From where, how long does it take?
From Rarotonga, the capital island of the Cook Islands, it was probably about 4, 4.5 hours in a little duel prop plane and we had to stop and refuel on Aitutaki.
Is that a little scary, the travel there?
Yeah. There’s not much dry ground and what’s there is frigging tiny. The islands are all pretty small, so it’s a little sketchy.
How built up is the fishery there?
It’s not, that’s why I went. Originally, only a few guys had ever fly fished there, some guys out of Australia.
What do you think the potential is for a Penrhyn to develop as a fly fishing destination?
Not so good. That was pretty much the conclusion after I came home. I got sent there to fish it for two months straight to figure out if it could handle a groups of 6-8 anglers a week at a time fishing throughout the season or for an extended season.
The water temps were critically warm by noon on a lot of the days, on the decent weather days. On shitty weather days we had good water all day. But when the summer came and the storms were all gone and the heat showed up and stayed, especially on neap tides were the worst when we didn’t have a lot of tidal fluctuation, it wouldn’t circulate the water enough in the lagoons, there’s only two places water came in and out of the lagoon and the lagoon was 9 miles by 12 miles approximately… so it needed a good tidal flush to keep the water in the lagoon cool… and that’s what happened on those hot, sticky calm days, especially during the neap tide weeks, not enough tidal flush and by 12-1 the water temps on the flats were hitting 90, 91. We would catch fish up to 87, 88, after that, we wouldn’t get them. They’d take off.
The flats themselves are just on the inside rim of the entire lagoon. There really weren’t any pancake flats or separated flats. It was all on the inside of the lagoon. There were zero flats on the outside, all hard coral and pounding surf.
Where there other species you could target beyond bonefish?
You can catch Bluefin Trevally until your arms fall off. There were Bluefins all over the place. I never did see GT’s, they are around, I just never saw them. They are usually on the outside. The Bluefin were a lot of fun and then there are a lot of little snappers and a little fish called the sweetlips, and goat fish with the little whiskers coming off their chin, on the outside I caught wahoo, yellowfin tuna, sailfish, shark, African pompano, barracuda… I never did get dogtooth tuna, but they are out there a lot. On the outside we had a lot of fishing opportunities. We’d have to go out there pretty much every couple of nights to fill the coolers because, ya know, there were no stores to go shopping.
Nice Bluefin
You get sick of seafood in a situation like that?

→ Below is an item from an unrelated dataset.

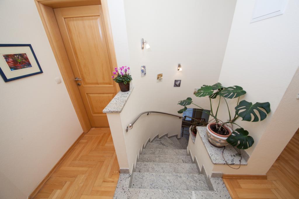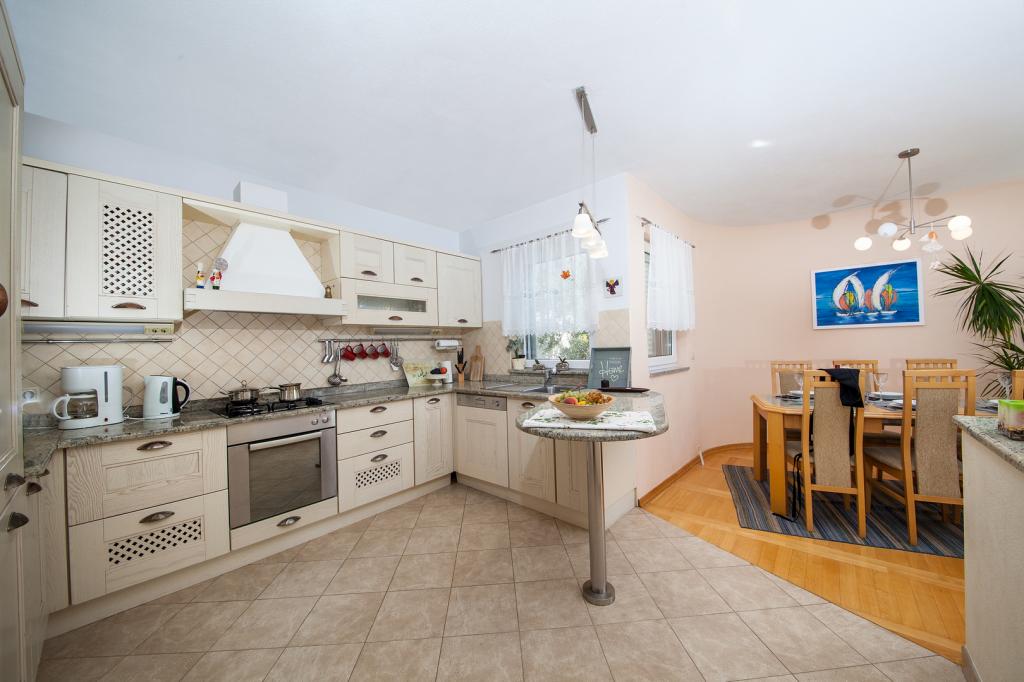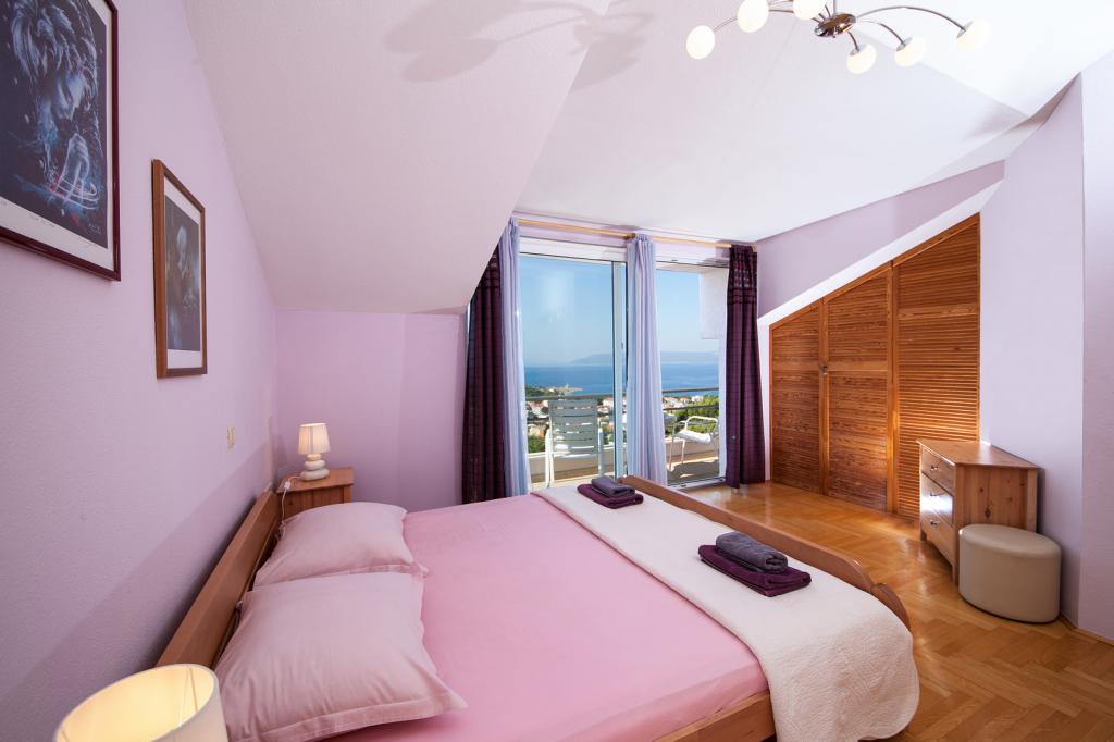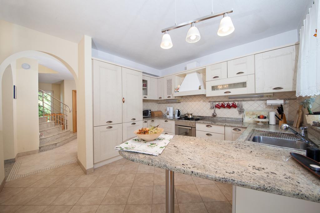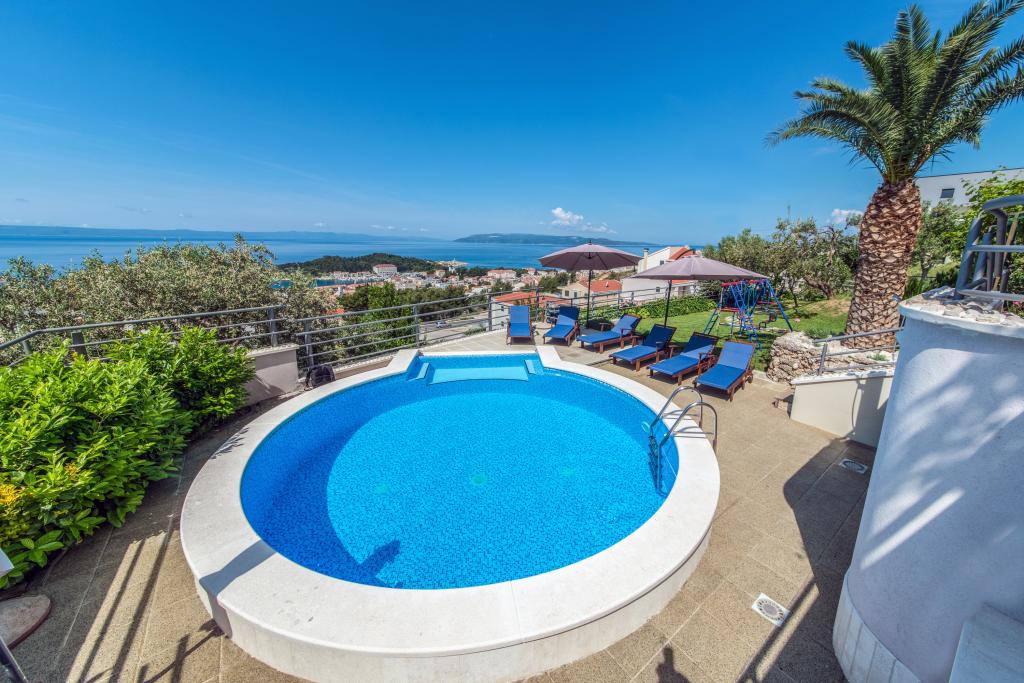 Suvremeno opremljena vila s bazenom iznad samog centra Makarske, okružena zelenim travnatom površinom, povrtnim biljkama, voćnjakom i cvijetnjacima. Na tri etaže i 350 m2 arhitektonskim umijećem raspoređeno je 5 spavaćih soba, 2 dnevne sobe, 5 kupaonica, 6 wc-ea.U kući se može smjestiti 10 osoba na osnovnim i do 6 na pomoćnim ležajevima. Cijene su istaknute za boravak do 11 osoba, ostalo se dodatno naplaćuje. U vili se nalaze i 4 manje manje i veće kuhinje s dvjema perilicama. Vila je klimatizirana. Gosti se mogu služiti grožđem s odrina i svježim smokvama. Možemo organizirati uslugu doručka ili večere. Bazen ispred kuće s kojega puca pogled na grad, luku, more i obližnje otoke promjera je 5 m i dubine 1.50 m. Moguće ju je unajmiti i preko zime ali najmanje tri tjedna. U dvorištu vile moguće je parkirati do 5 vozila. Uz kuću se nalazi konoba s roštiljem.

Yeah, I lost 20 pounds. Rice and coconut products and fish. Once in a great while we’d get some chicken or something like that flown in, but lettuce or fresh produce? Out of the question. None of that. Lot of rice, lot of toast… peanut butter and jelly… stuff that doesn’t spoil.
On a good day, when everything came together there, was the fishing remarkable or was it so-so?
I had probably one of the best days of my bonefishing career there… next to one of my better days on Christmas. As fast as I could get ‘em in and get ‘em off the hook and recast I’d get another one. They were coming from all directions. Multiple fish caught with less than five feet of fly line out of the tip of the rod. To where you couldn’t stip anymore, you had to jerk the rod to keep the fly moving to get them to eat it and there weren’t spooky. I had fish come up to me, and I’d play stork, freeze, and they’d swim around me, usually twice and then start veering away and I’d put a fly five feet to their left or right and they’d charge it and eat it. As long as you didn’t make any rapid movements and spook ‘em.
Penrhyn Bonefish
There were a ton of blacktips in there. A Ton. To my knowledge I only lost one bone to a blacktip and that was post release. We figured out, I was always fishing with another Tahitian guy named Bara that I was training, we figured out how to call the blacktips. If he had a fish on, and we noticed the blacktip getting aggressive, sniffing out the water, ya know, they can sense something is wrong, you can take your rod tip and put it in the water in front of you and thrash the water with the tip of the rod and they’d pretty much make a bee-line for it and they’d bite the tip of the rod off if you didn’t stop doing it when they got there. You could call the blacktips off the bones, unless they had a visual of the fish and usually they didn’t until the last second. They are just sniffing stress and they can feel it. You can call them right in… it was cool
One day I was walking the boat over some reefs, sloshing my legs and one fucker came right at me, I had to jump up in the boat. Literally, between my legs, about a 3.5-4 foot blacktip. It wouldn’t have killed me or anything, but it would have tore my skin up a bit.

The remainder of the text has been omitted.